• _Work instruction_
Your answer must be an exact copy of the entries, containing no images.

• _Excerpts from a dataset_
########

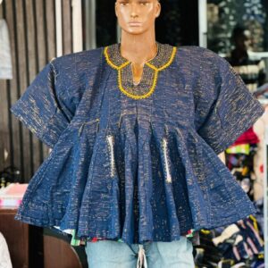 Step into timeless elegance with this breathtaking handcrafted Ghanaian Batakari Smock. Made from premium, breathable cotton fabric, this authentic piece showcases a deep navy blue base beautifully accented by vibrant yellow and subtle textured stripes that catch the light with every movement.
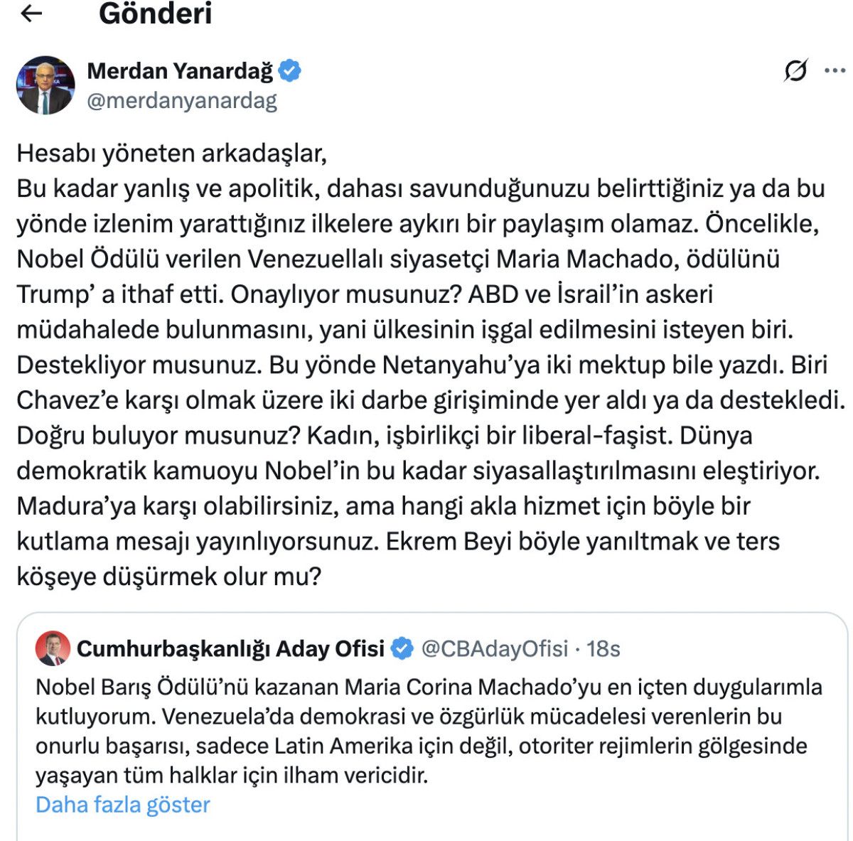 Merdan Yanardağ, Ekrem İmamoğlu'nun sosyal medya ekibine tepki gösterdi. İmamoğlu’nun, Nobel Barış Ödülü kazanan Maria Corina Machado’yu kutladığı paylaşımı alıntılayan Yanardağ "Bu kadar yanlış, apolitik ve savunduğunuz değerlere aykırı bir paylaşım olamaz" dedi.
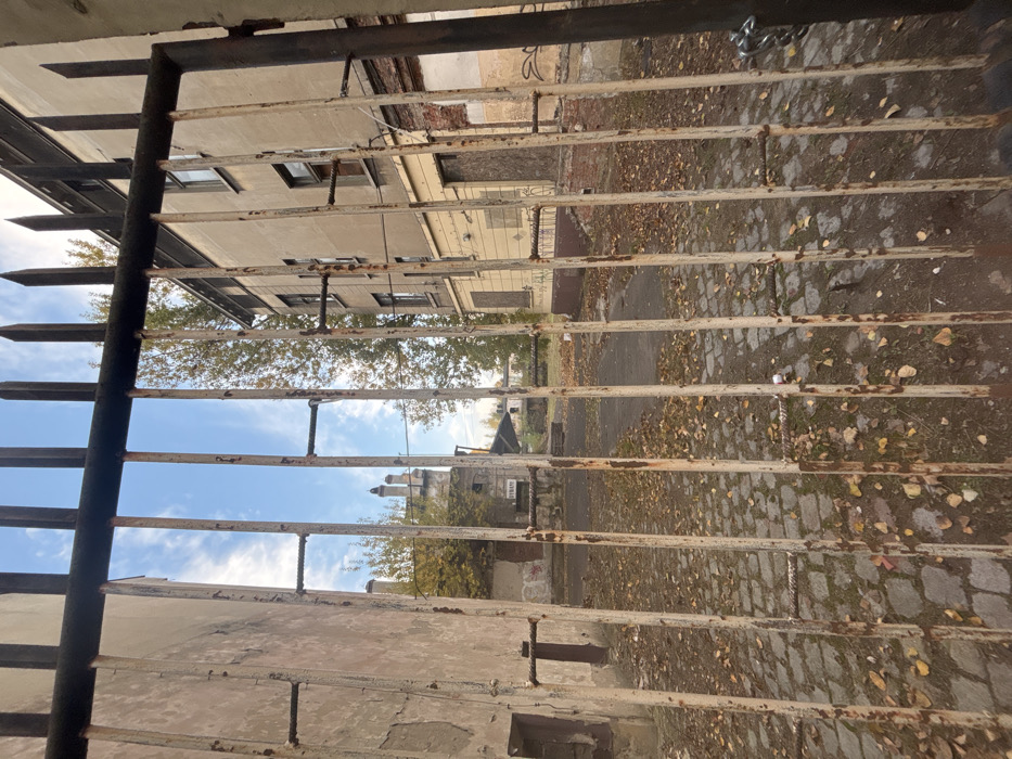 The image displays a forensic, matter-of-fact view into a neglected urban courtyard in Łódź, Poland, observed through a heavily rusted, white-painted metal gate
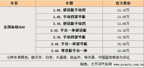 1月25日,東風標致408在北京全球首發(fā)上市,這是標致汽車品牌創(chuàng)立120年以來,首次在海外市場全球首發(fā)其最新一代車型,同時公布了全系車型的售價。此次上市的東風標致408系列共有7款車型,分為舒適版、豪華版、尊貴版三種配置版本,以配備CVTS-II技術的2.0L發(fā)動機為主打產品,其價格從12.99萬元至16.99萬元;同時408系列中也包含1.6L發(fā)動機系列,其手動舒適版入門售價為12.19萬元,主打車型2.0L舒適版手自一體版售價為14.19萬元。7款車型的售價如下表:
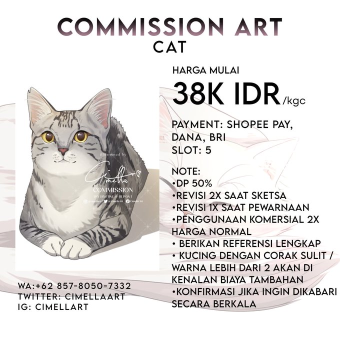 [OPEN COMMISSION] halo semua~ Aku Ella Tan, aku buka lagi Commission tapi khusus KUCINGGG LAGI!!✨ Boleh banget buat tanya tanya!! DM atau chat wa ku yg di bio yaa~ (◍•ᴗ•◍)❤ @CmsnArtist_Id #zonakaryaid #commissionsopen #Commission #ArtistOnTwitter
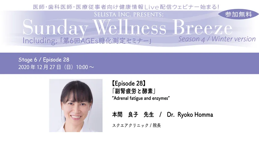 =医師・歯科医師・薬剤師向け無料Liveウェビナー= 《Sunday Wellness Breeze, Season 4, Stage 6 (Episode 28)》12月27日(日)開催!
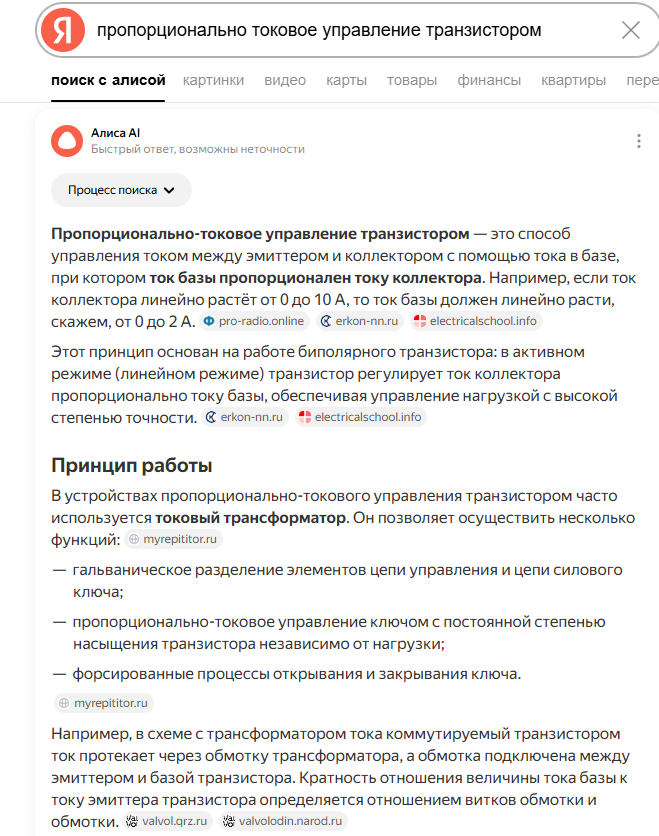 Вот я повыше книжку Айсберга привёл. Вы могли у ИИ не спрашивать. Именно это и именно так там и написано. Я это в детстве читал, ещё до того, как схемы начал сочинять. Т.е. я даже не начинающим был, а вообще никем. Вы мне схему, где транзистор управляется от источника ЭДС между эмиттером и базой так и не покажете?
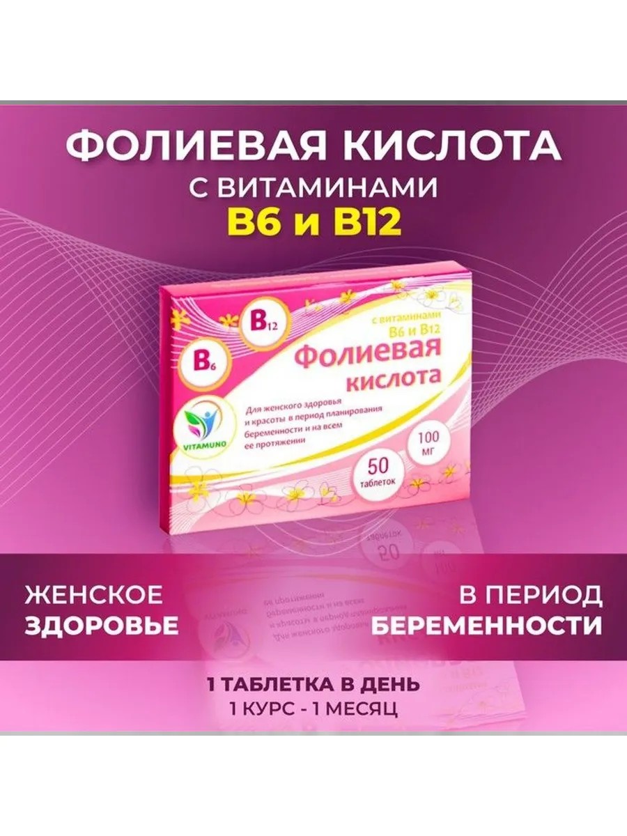 Рекомендуется: в качестве биологически активной добавки к пище – дополнительного источника фолиевой кислоты и витаминов В6 и В12.Фолиевая кислота является фактором роста – она необходима организму для производства клеток кожи, слизистых, волос. Для женщины, планирующей беременность, фолиевая кислота является самым важным витамином, так как именно она отвечает за формирование плода и рост клеток. На ранних этапах беременности даже кратковременный дефицит фолиевой кислоты чреват развитием дефектов нервной системы у плода.Помимо участия в создании клеток плода, фолиевая кислота принимает участие в образовании всех форменных элементов крови. Кроме того, она обеспечивает хорошее настроение, участвуя в обмене биологически активных веществ серотонина и адреналина, которые играют важную роль в состоянии нервной системы.Витамин В12 и фолиевая кислота являются взаимосвязанными витаминами, поэтому рекомендуется их совместный прием. Недостаток витамина В12 приводит к развитию частичной или вторичной недостаточности фолиевой кислоты.Витамин В6 участвует в превращениях аминокислот, метаболизме триптофана, липидов и нуклеиновых кислот, участвует в поддержании иммунного ответа, в процессах торможения и возбуждения в центральной нервной системе, способствует нормальному формированию эритроцитов. Способствует поддержанию нормального уровня гомоцистеина в крови. Недостаточное потребление витамина В6 сопровождается повышенной утомляемостью, депрессивным состоянием, нервозностью, ухудшением состояния кожи.Способ применения: взрослым по 1 таблетке в день во время еды, обильно запивая водой. Продолжительность приема – 1 месяц. При необходимости прием можно повторить.Состав: носитель микрокристаллическая целлюлоза (Е460), пиридоксина гидрохлорид, крахмал картофельный, антислеживающий агент стеарат кальция (Е470), фолиевая кислота, цианокобаламин.Противопоказания: индивидуальная непереносимость компонентов. Беременным и кормящим женщинам принимать под контролем врача.Перед применением реком
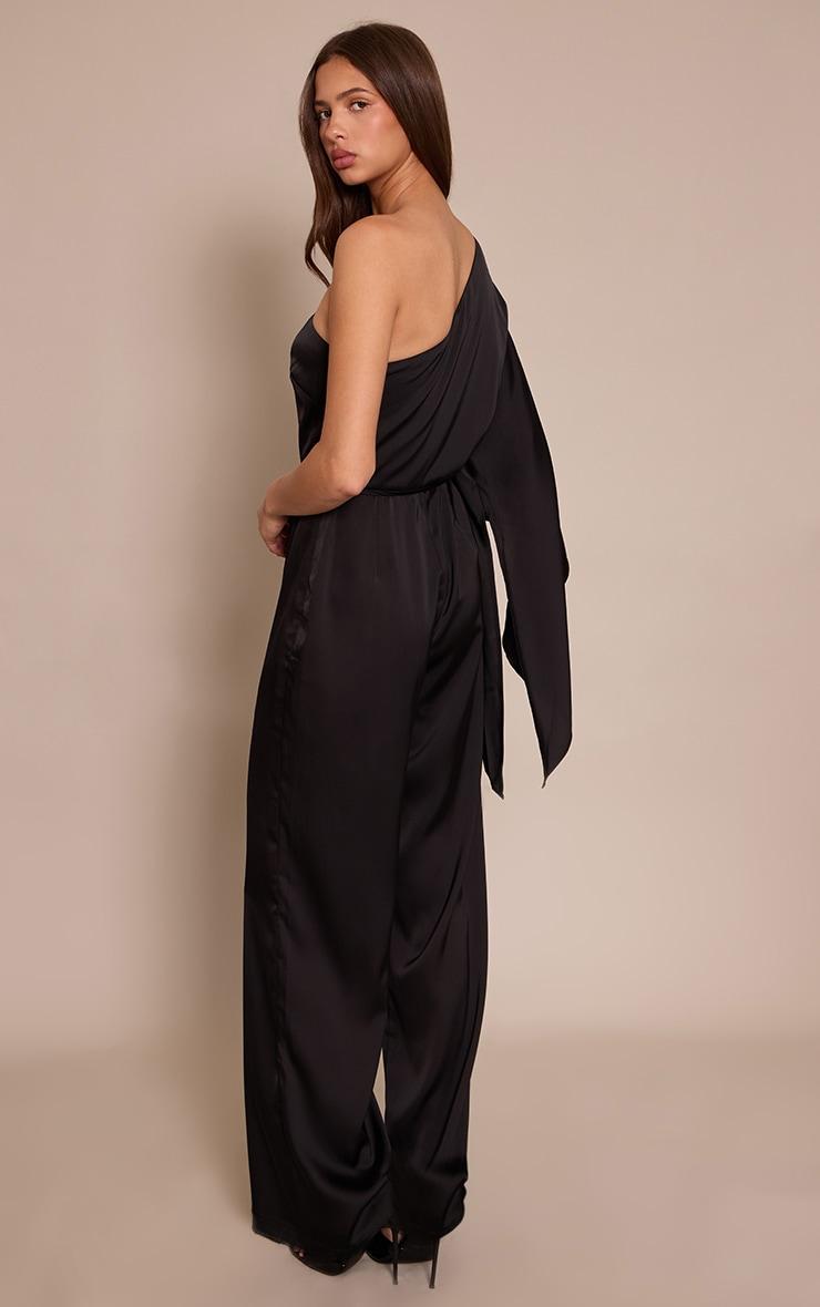Artful structure defines your presence, effortlessly. The black satin floaty one shoulder tie waist jumpsuit makes an immediate statement with its elegant asymmetric neckline, leading to a dramatic, floaty sleeve that drapes with knowing ease. A subtle tie waist cinches the silhouette, flowing into refined wide-leg pants for an elongated finish. Perfect for any evening, complete this look with sleek black kitten heels and a sharp white shoulder bag for a confident, polished aesthetic.Length approx 155cm/61inch (Based on sample size US 4)Model wears size UK 8/ EU 36/ AUS 8/ US 4Model Height - 5ft 9inchp]:!mb-4inch>Brand: PrettyLittleThingCategory: DressesProduct type: Wide Leg JumpsuitColor: BlackMaterial: SatinSleeves: LongOccasion: Evening
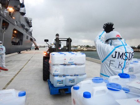 في 24 يناير/ كانون الثاني غادرت السفينة اليابانية قاعدة كوري في محافظة هيروشيما، غرب اليابان، تحمل على متنها رشاشات مياه عالية الضغط لإزالة الرماد البركاني وعربات اليد ومياه الشرب وغيرها من السلع.
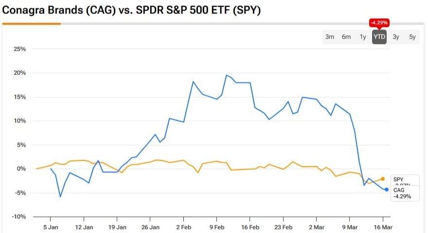 Conagra Brands CAG +1.62% ▲ is currently the highest-yielding stock in the S&P 500 (SPX), making it a compelling buy for investors seeking a high-payout anchor amid an increasingly volatile market. Boasting a roughly 8.5% dividend yield, this consumer staples giant offers a level of defensive stability that “exciting” tech stocks simply cannot match in today’s geopolitical and AI-driven uncertainties.
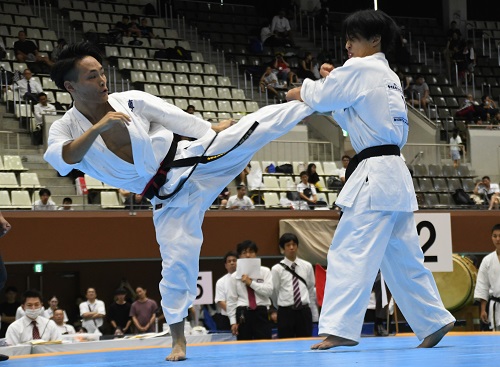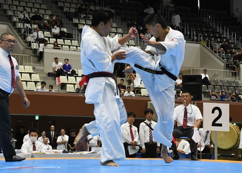 男子-80kg級は、出場選手の中で唯一の入賞経験者である髙木信(東京城西世田谷東支部)が初戦で顔面殴打の反則負け。本命不在の混戦が予想されたが、岡山県大会優勝者の髙田悠一郎(東京城西支部)が決勝で全関西大会優勝者の長澤龍馬(北大阪支部)に判定勝ちで優勝。長澤も初の決勝進出で健闘が光った。
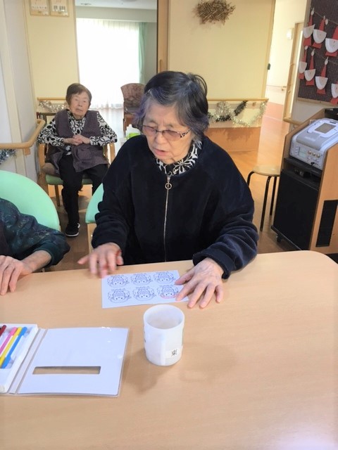 こちらではアマビエに色を塗って頂いています。
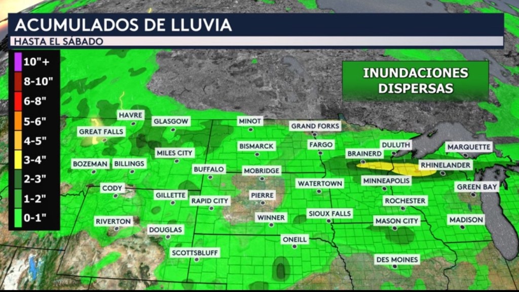 La perturbación al norte estará produciendo acumulados de lluvia de hasta 3 pulgadas desde Montana hasta Wisconsin pero vemos como habrá un franja de totales más altos sobre el norte de Minnesota y Wisconsin de más de 3 pulgadas. Como resultado, se esperan inundaciones repentinas dispersas a través del norte de las Montañas Rocosas, el norte de las planicies y el Medio Oeste Superior desde hoy hasta el sábado tras el paso de este disturbio.

########

• _Expected answer_
 Step into timeless elegance with this breathtaking handcrafted Ghanaian Batakari Smock. Made from premium, breathable cotton fabric, this authentic piece showcases a deep navy blue base beautifully accented by vibrant yellow and subtle textured stripes that catch the light with every movement.
 Merdan Yanardağ, Ekrem İmamoğlu'nun sosyal medya ekibine tepki gösterdi. İmamoğlu’nun, Nobel Barış Ödülü kazanan Maria Corina Machado’yu kutladığı paylaşımı alıntılayan Yanardağ "Bu kadar yanlış, apolitik ve savunduğunuz değerlere aykırı bir paylaşım olamaz" dedi.
 The image displays a forensic, matter-of-fact view into a neglected urban courtyard in Łódź, Poland, observed through a heavily rusted, white-painted metal gate
 1月25日,東風標致408在北京全球首發(fā)上市,這是標致汽車品牌創(chuàng)立120年以來,首次在海外市場全球首發(fā)其最新一代車型,同時公布了全系車型的售價。此次上市的東風標致408系列共有7款車型,分為舒適版、豪華版、尊貴版三種配置版本,以配備CVTS-II技術的2.0L發(fā)動機為主打產品,其價格從12.99萬元至16.99萬元;同時408系列中也包含1.6L發(fā)動機系列,其手動舒適版入門售價為12.19萬元,主打車型2.0L舒適版手自一體版售價為14.19萬元。7款車型的售價如下表:
 [OPEN COMMISSION] halo semua~ Aku Ella Tan, aku buka lagi Commission tapi khusus KUCINGGG LAGI!!✨ Boleh banget buat tanya tanya!! DM atau chat wa ku yg di bio yaa~ (◍•ᴗ•◍)❤ @CmsnArtist_Id #zonakaryaid #commissionsopen #Commission #ArtistOnTwitter
 =医師・歯科医師・薬剤師向け無料Liveウェビナー= 《Sunday Wellness Breeze, Season 4, Stage 6 (Episode 28)》12月27日(日)開催!
 Вот я повыше книжку Айсберга привёл. Вы могли у ИИ не спрашивать. Именно это и именно так там и написано. Я это в детстве читал, ещё до того, как схемы начал сочинять. Т.е. я даже не начинающим был, а вообще никем. Вы мне схему, где транзистор управляется от источника ЭДС между эмиттером и базой так и не покажете?
 Рекомендуется: в качестве биологически активной добавки к пище – дополнительного источника фолиевой кислоты и витаминов В6 и В12.Фолиевая кислота является фактором роста – она необходима организму для производства клеток кожи, слизистых, волос. Для женщины, планирующей беременность, фолиевая кислота является самым важным витамином, так как именно она отвечает за формирование плода и рост клеток. На ранних этапах беременности даже кратковременный дефицит фолиевой кислоты чреват развитием дефектов нервной системы у плода.Помимо участия в создании клеток плода, фолиевая кислота принимает участие в образовании всех форменных элементов крови. Кроме того, она обеспечивает хорошее настроение, участвуя в обмене биологически активных веществ серотонина и адреналина, которые играют важную роль в состоянии нервной системы.Витамин В12 и фолиевая кислота являются взаимосвязанными витаминами, поэтому рекомендуется их совместный прием. Недостаток витамина В12 приводит к развитию частичной или вторичной недостаточности фолиевой кислоты.Витамин В6 участвует в превращениях аминокислот, метаболизме триптофана, липидов и нуклеиновых кислот, участвует в поддержании иммунного ответа, в процессах торможения и возбуждения в центральной нервной системе, способствует нормальному формированию эритроцитов. Способствует поддержанию нормального уровня гомоцистеина в крови. Недостаточное потребление витамина В6 сопровождается повышенной утомляемостью, депрессивным состоянием, нервозностью, ухудшением состояния кожи.Способ применения: взрослым по 1 таблетке в день во время еды, обильно запивая водой. Продолжительность приема – 1 месяц. При необходимости прием можно повторить.Состав: носитель микрокристаллическая целлюлоза (Е460), пиридоксина гидрохлорид, крахмал картофельный, антислеживающий агент стеарат кальция (Е470), фолиевая кислота, цианокобаламин.Противопоказания: индивидуальная непереносимость компонентов. Беременным и кормящим женщинам принимать под контролем врача.Перед применением реком
Artful structure defines your presence, effortlessly. The black satin floaty one shoulder tie waist jumpsuit makes an immediate statement with its elegant asymmetric neckline, leading to a dramatic, floaty sleeve that drapes with knowing ease. A subtle tie waist cinches the silhouette, flowing into refined wide-leg pants for an elongated finish. Perfect for any evening, complete this look with sleek black kitten heels and a sharp white shoulder bag for a confident, polished aesthetic.Length approx 155cm/61inch (Based on sample size US 4)Model wears size UK 8/ EU 36/ AUS 8/ US 4Model Height - 5ft 9inchp]:!mb-4inch>Brand: PrettyLittleThingCategory: DressesProduct type: Wide Leg JumpsuitColor: BlackMaterial: SatinSleeves: LongOccasion: Evening
 في 24 يناير/ كانون الثاني غادرت السفينة اليابانية قاعدة كوري في محافظة هيروشيما، غرب اليابان، تحمل على متنها رشاشات مياه عالية الضغط لإزالة الرماد البركاني وعربات اليد ومياه الشرب وغيرها من السلع.
 Conagra Brands CAG +1.62% ▲ is currently the highest-yielding stock in the S&P 500 (SPX), making it a compelling buy for investors seeking a high-payout anchor amid an increasingly volatile market. Boasting a roughly 8.5% dividend yield, this consumer staples giant offers a level of defensive stability that “exciting” tech stocks simply cannot match in today’s geopolitical and AI-driven uncertainties.
 男子-80kg級は、出場選手の中で唯一の入賞経験者である髙木信(東京城西世田谷東支部)が初戦で顔面殴打の反則負け。本命不在の混戦が予想されたが、岡山県大会優勝者の髙田悠一郎(東京城西支部)が決勝で全関西大会優勝者の長澤龍馬(北大阪支部)に判定勝ちで優勝。長澤も初の決勝進出で健闘が光った。
 こちらではアマビエに色を塗って頂いています。
 La perturbación al norte estará produciendo acumulados de lluvia de hasta 3 pulgadas desde Montana hasta Wisconsin pero vemos como habrá un franja de totales más altos sobre el norte de Minnesota y Wisconsin de más de 3 pulgadas. Como resultado, se esperan inundaciones repentinas dispersas a través del norte de las Montañas Rocosas, el norte de las planicies y el Medio Oeste Superior desde hoy hasta el sábado tras el paso de este disturbio.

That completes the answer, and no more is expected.